Available data:
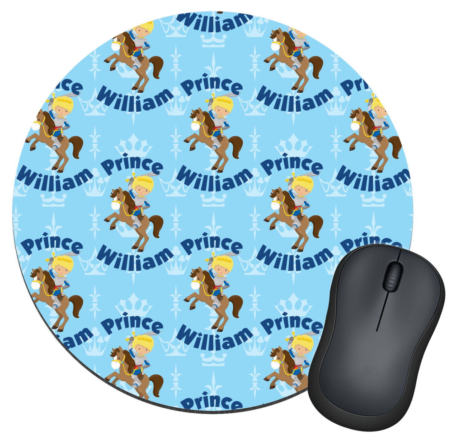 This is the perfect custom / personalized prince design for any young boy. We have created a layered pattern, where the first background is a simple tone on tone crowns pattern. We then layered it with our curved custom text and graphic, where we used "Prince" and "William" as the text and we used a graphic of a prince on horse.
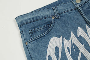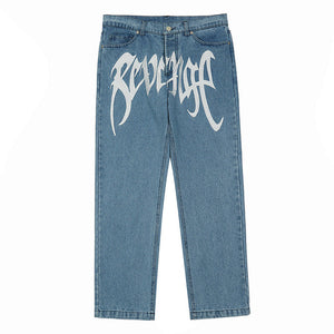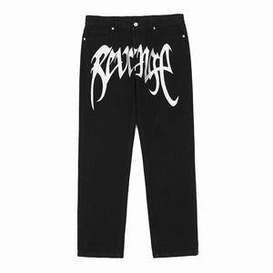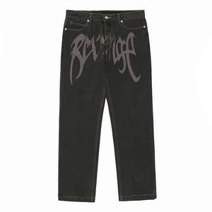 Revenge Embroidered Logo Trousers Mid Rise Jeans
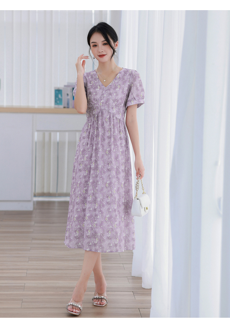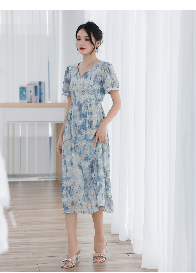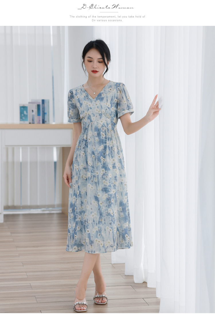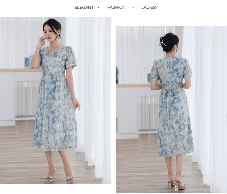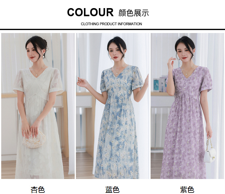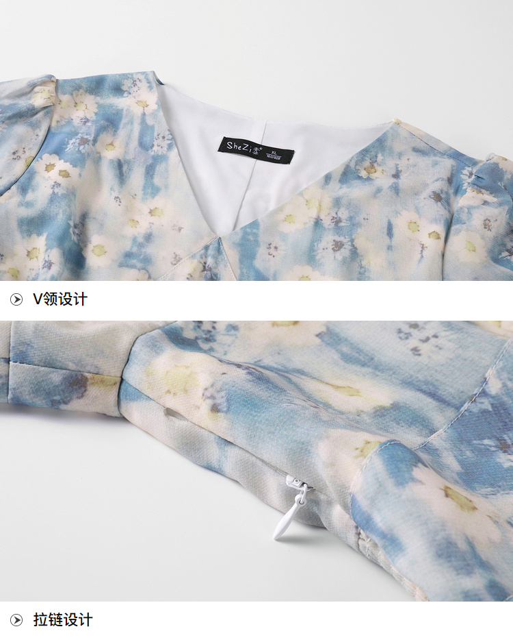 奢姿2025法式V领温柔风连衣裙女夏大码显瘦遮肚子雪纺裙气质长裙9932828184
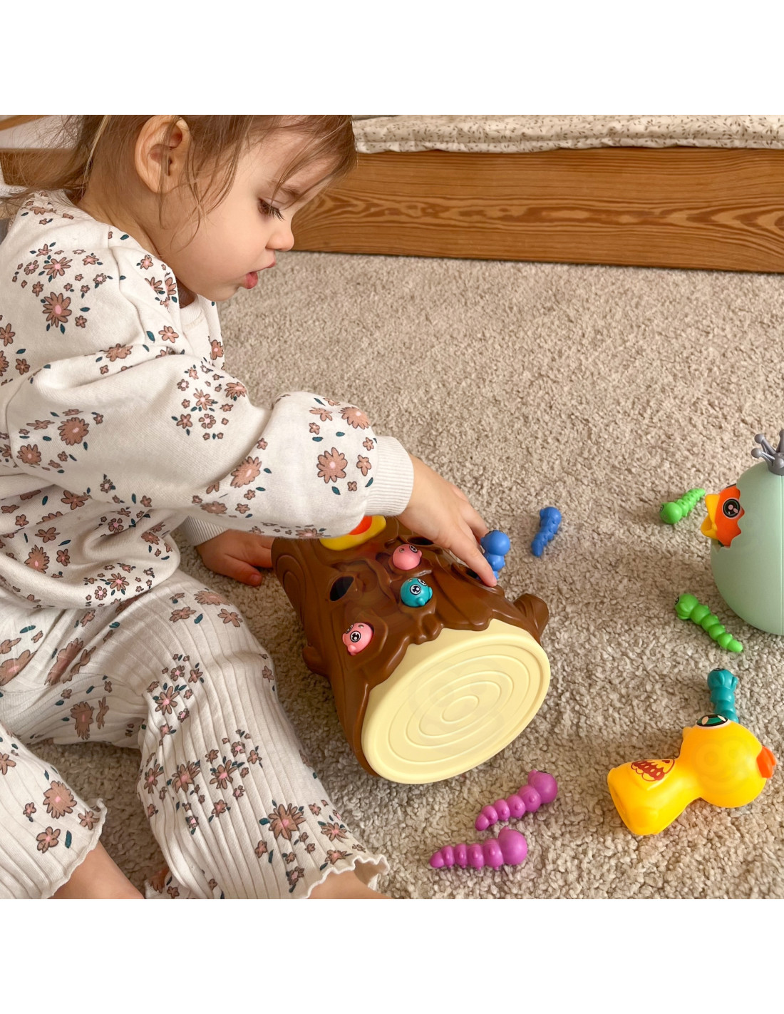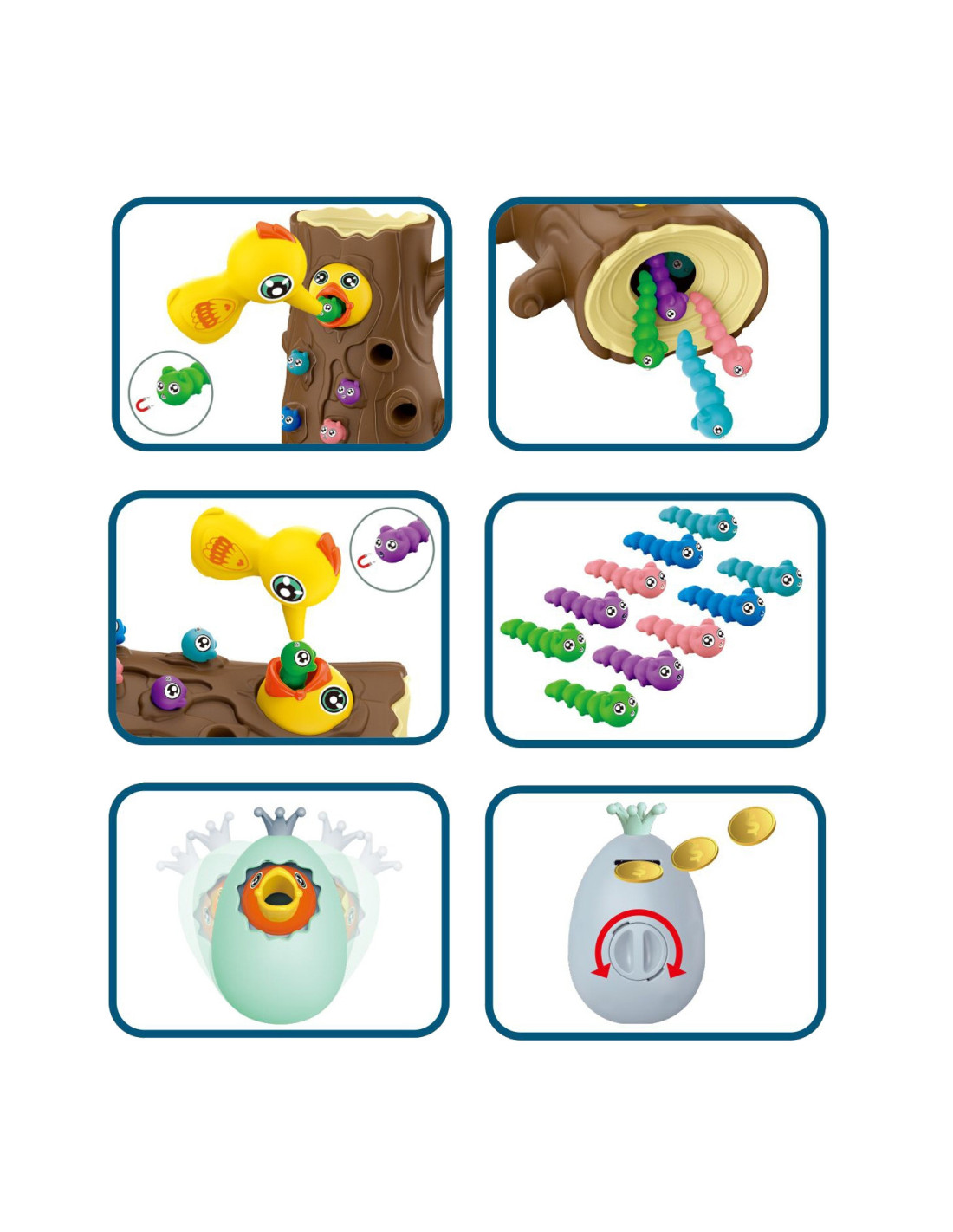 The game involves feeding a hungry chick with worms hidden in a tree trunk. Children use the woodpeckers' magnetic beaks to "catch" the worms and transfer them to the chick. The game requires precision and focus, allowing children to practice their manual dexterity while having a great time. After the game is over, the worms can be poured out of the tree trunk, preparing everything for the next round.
---
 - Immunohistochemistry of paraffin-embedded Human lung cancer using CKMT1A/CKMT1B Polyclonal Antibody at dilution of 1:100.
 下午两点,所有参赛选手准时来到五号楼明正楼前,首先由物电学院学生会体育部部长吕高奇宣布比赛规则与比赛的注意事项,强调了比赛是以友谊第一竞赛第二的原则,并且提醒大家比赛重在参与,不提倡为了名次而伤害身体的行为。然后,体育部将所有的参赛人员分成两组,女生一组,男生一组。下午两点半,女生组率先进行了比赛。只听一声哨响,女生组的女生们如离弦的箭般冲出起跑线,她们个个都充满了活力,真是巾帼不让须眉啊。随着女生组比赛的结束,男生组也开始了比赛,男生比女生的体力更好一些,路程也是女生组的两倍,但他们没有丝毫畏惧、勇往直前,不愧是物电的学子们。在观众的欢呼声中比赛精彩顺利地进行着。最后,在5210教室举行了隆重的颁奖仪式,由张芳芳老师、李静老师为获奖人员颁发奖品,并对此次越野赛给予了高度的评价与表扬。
---
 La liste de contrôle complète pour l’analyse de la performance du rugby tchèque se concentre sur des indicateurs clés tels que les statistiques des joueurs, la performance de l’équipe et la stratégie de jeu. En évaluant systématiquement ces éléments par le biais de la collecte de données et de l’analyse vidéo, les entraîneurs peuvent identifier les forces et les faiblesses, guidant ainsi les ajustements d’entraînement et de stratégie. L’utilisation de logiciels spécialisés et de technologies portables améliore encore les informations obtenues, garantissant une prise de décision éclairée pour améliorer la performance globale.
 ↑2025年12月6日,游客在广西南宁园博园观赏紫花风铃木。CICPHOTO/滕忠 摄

What the exercise asks: In the entries above, find the line containing "Revenge Embroidered Logo" and the line containing "奢姿2025法式V领温柔风连"; give again exactly those two lines and every line between them, minus the pictures.

Exercise answer:
 Revenge Embroidered Logo Trousers Mid Rise Jeans
 奢姿2025法式V领温柔风连衣裙女夏大码显瘦遮肚子雪纺裙气质长裙9932828184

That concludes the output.